The human eye is a vital sensory organ that is crucial for visual perception. The retina is the main component of the eye and is responsible for visual signals. Due to its characteristics, the retina can reveal the occurrence of ocular diseases. So, early detection and automated diagnosis of retinal disease are crucial for preventing both temporary and permanent blindness.
In the proposed work, a comprehensive framework is introduced, meticulously designed to leverage the synergic strengths of EfficientNet-B4 and Vision Transformers for attention-driven sophisticated analysis, offering a promising tool for advanced ophthalmic healthcare. This framework transcends the conventional hybridization by embedding the EfficientNetB4 reimagined as the multiscale feature encoder, creating discriminative feature maps preserving both local and intermediate contextual information. Then, Vision Transformer are incorporated to capitalize on the attention mechanisms to capture and model the global dependencies effectively. This combination establishes a sophisticated paradigm for capturing intricate patterns, focusing on the pertinent factors of the image, enabling precise and reliable classification.

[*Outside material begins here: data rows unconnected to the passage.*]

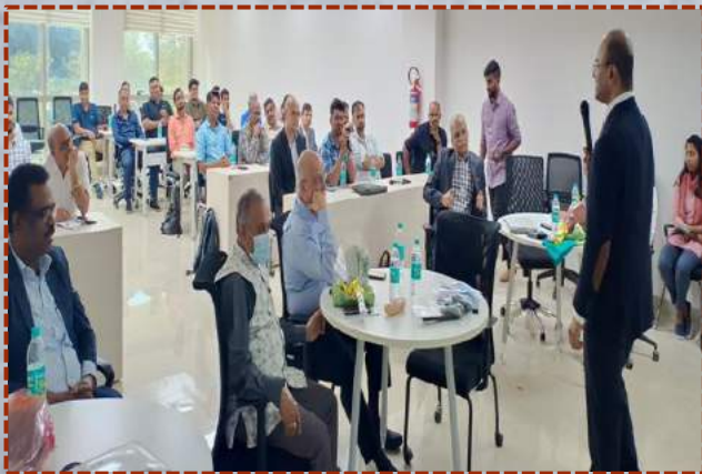
Industry Interaction Meet was organized at SARP- APDDRL, Bengaluru, on 27 th December, 2023.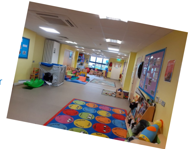
The Eastbourne TA Hub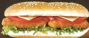
Fish Fillet Sandwich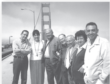
B-communal teachers workshop in Oakland.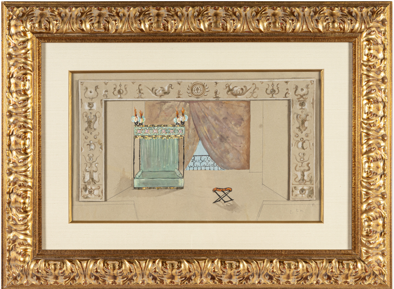
Leonor Fini (1907–1996), Set Design for “La Mégère Apprivoisée” , 1957, signed lower right ‘L. Fini’; collage, pencil and watercolour on paper, 32 × 53 cm (12 5/8 × 20 7/8 in.).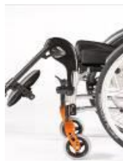
Elevating legrest (ELR)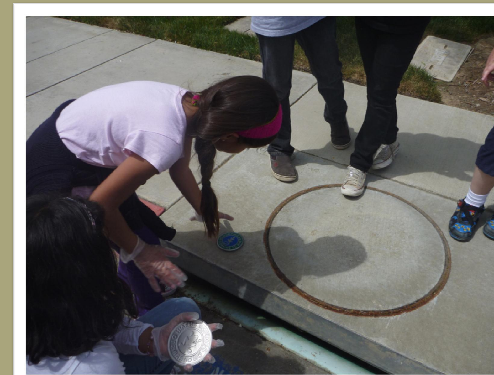
With funding provided by the NCSPPP, Napa RCD staff coordinated storm drain marking events with local students. Students marked roughly 100 drains with plaques reading, "No dumping, drains to river."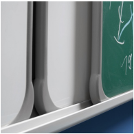
Board elements with ASSODUR® edge can be moved one behind the other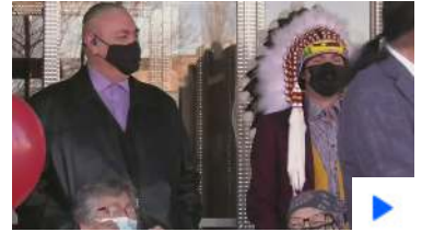
Vacant hotel reopens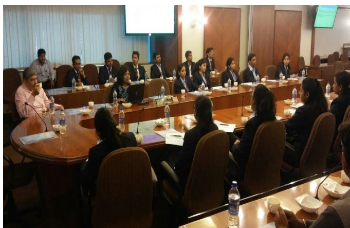
Financial Education For students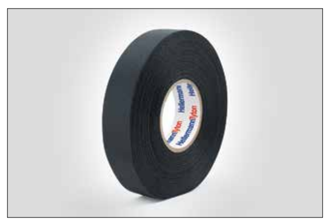
HelaTape Protect 250 is designed for cable harnessing and offers a very high temperature resistance.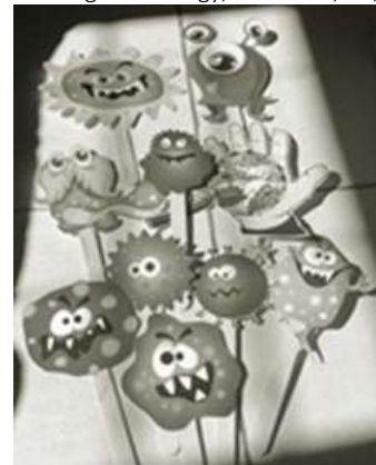
Figure 1 - Representation of microorganisms used in educational nursing technology, Fortaleza, CE, Brazil, 2018.

The first stage had as an educational strategy an expository-participative conversation circle with the children sitting on the floor, in the shape of a circle, in which the students demonstrated the correct hand hygiene technique, following the step by step according to Anvisa (10) . Alcohol gel was used to demonstrate the steps. Illustrative drawings were used, representing the microorganisms (worms), as shown in Figure 1. The figures were passed among the children in the circle in order to explain to them how disease transmission occurred and what preventive measures were intended to interact with them, using these figures in the form of cartoons, as a way to facilitate their process of understanding about microorganisms that are invisible to the eyes, but that are present in the hands when not sanitized.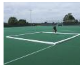
Divide small areas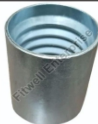
Spiral Hose Cap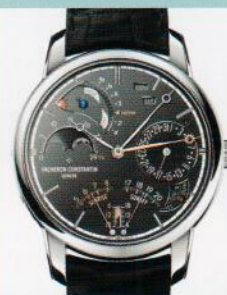
VACHERON CONSTANTIN Les Cabinotiers Celestia Astronomical Grand Complication 3600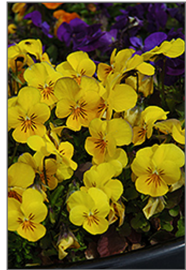
Penny Yellow Pansy flowers

This plant will require occasional maintenance and upkeep, and should only be pruned after flowering to avoid removing any of the current season's flowers. Deer don't particularly care for this plant and will usually leave it alone in favor of tastier treats. Gardeners should be aware of the following characteristic(s) that may warrant special consideration;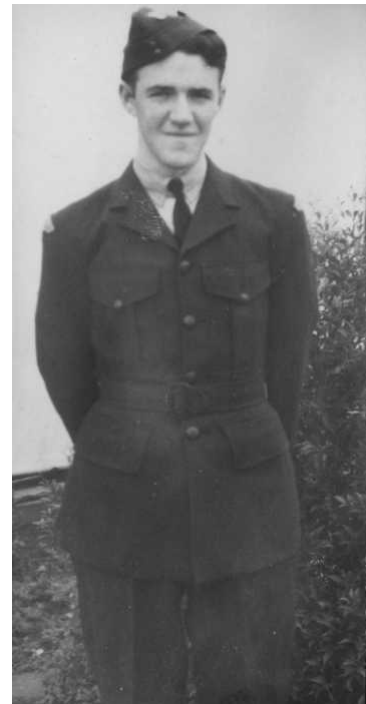
In Air Training Corps Uniform. 1942

we endeavoured to scrape it off his trousers. Nobody was very worried about his pants – he probably would not need them again for a long time. (In fact, he was never to need them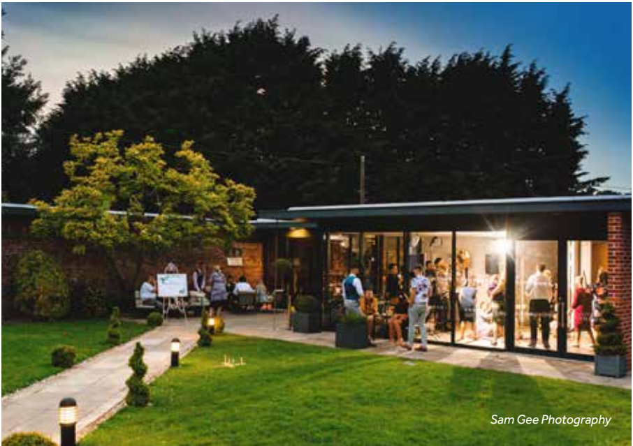
Sam Gee Photography

We believe it is important for you to have as much flexibility as possible on your wedding day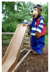
Here are just some of the happenings at the Teddy Bear's Fun Day. Unfortunately we don't have space to show more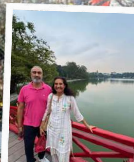
Hoan Kiem Lake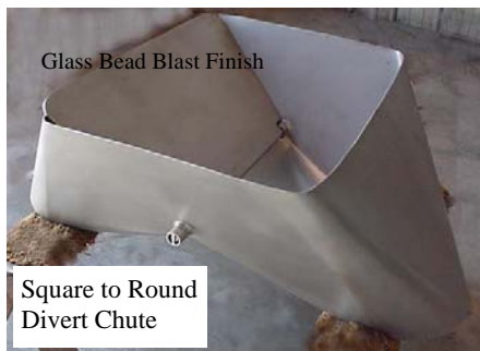
Glass Bead Blast Finish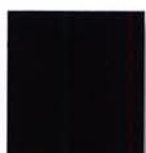
TIGER Drylac ® 49/81430 Black 40±5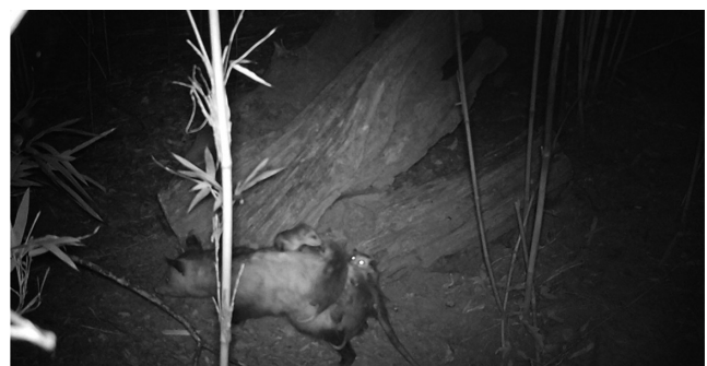
FIGURE 5 Virginia Opossum ( Didelphis virginiana ) appear to use Nine-banded Armadillo ( Dasyus novemcinctus ) burrows as retreat sites when caring for their young during transition stages, a time when both mother and offspring are vulnerable. This Opossum entered an armadillo burrow with a visibly full pouch and emerged one week later with these babies clinging to her back.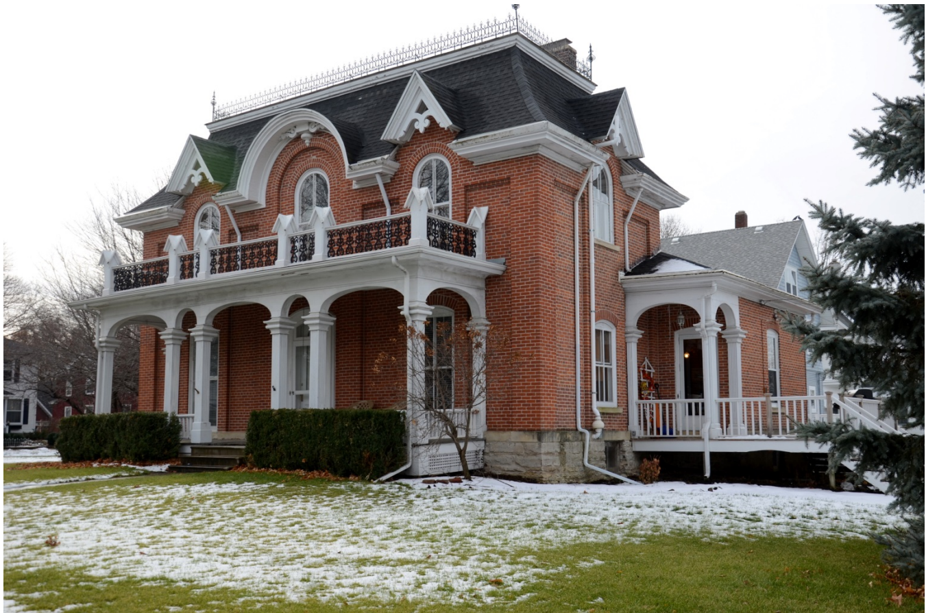
Photograph 92-00179-001 - House, looking southwest (December 2014)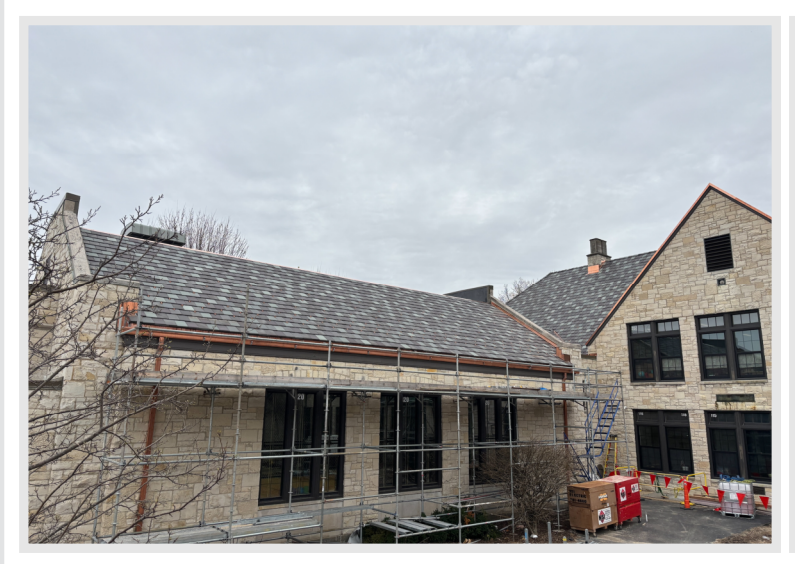
View from the Courtyard at one of the recently completed roofs atop the Gym and Office areas on the southwest side of the building!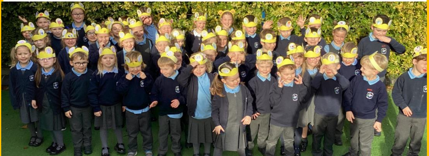
CHILDREN IN NEED DAY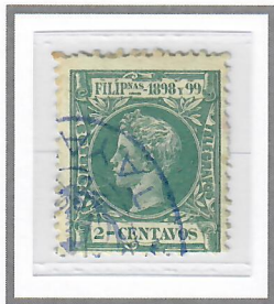
2c Dark Blue Green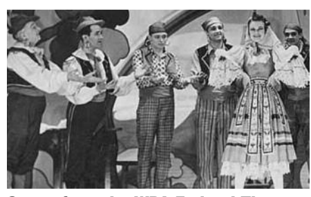
Scene from the WPA Federal Theatre Project production "Clown Prince" in Seattle, 1937.

• The government's WPA Federal Theatre Project is in full swing. Equity notes that "In all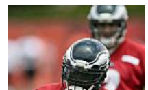
Eagles training camp July 23

It is seen that the proposed model achieved a significant advancement by scoring an AUC of 0.9466, mAP of 0.7865, F1-score of 0.75 and Model Score of 0.8665. The framework achieved a remarkable 5.17% increase in the overall score when compared to the previous cutting-edge technologies on the same task. This improvement underscores the effectiveness of the hybrid model in identifying both local and global contextual information, making it a robust and reliable tool for precise retinal diagnosis.
EffiViT:混合cnn -变压器视网膜成像
人眼是一个重要的感觉器官,对视觉感知起着至关重要的作用。视网膜是眼睛的主要组成部分,负责视觉信号。由于视网膜的特点,它可以揭示眼部疾病的发生。因此,视网膜疾病的早期检测和自动诊断对于预防暂时性和永久性失明至关重要。在建议的工作中,引入了一个全面的框架,精心设计以利用EfficientNet-B4和Vision Transformers的协同优势进行注意力驱动的复杂分析,为先进的眼科保健提供了一个有前途的工具。该框架通过嵌入多尺度特征编码器的effentnetb4,超越了传统的杂交,创建了保留本地和中间上下文信息的判别特征映射。然后,结合Vision Transformer来利用注意力机制来有效地捕获和建模全局依赖关系。这种组合为捕获复杂的模式建立了一个复杂的范例,专注于图像的相关因素,实现精确和可靠的分类。可以看出,该模型的AUC为0.9466,mAP为0.7865,f1得分为0.75,model Score为0.8665,取得了显著的进步。与之前的前沿技术相比,该框架在同样的任务中取得了5.17%的显著成绩。这一改进强调了混合模型在识别局部和全局上下文信息方面的有效性,使其成为精确视网膜诊断的稳健可靠的工具。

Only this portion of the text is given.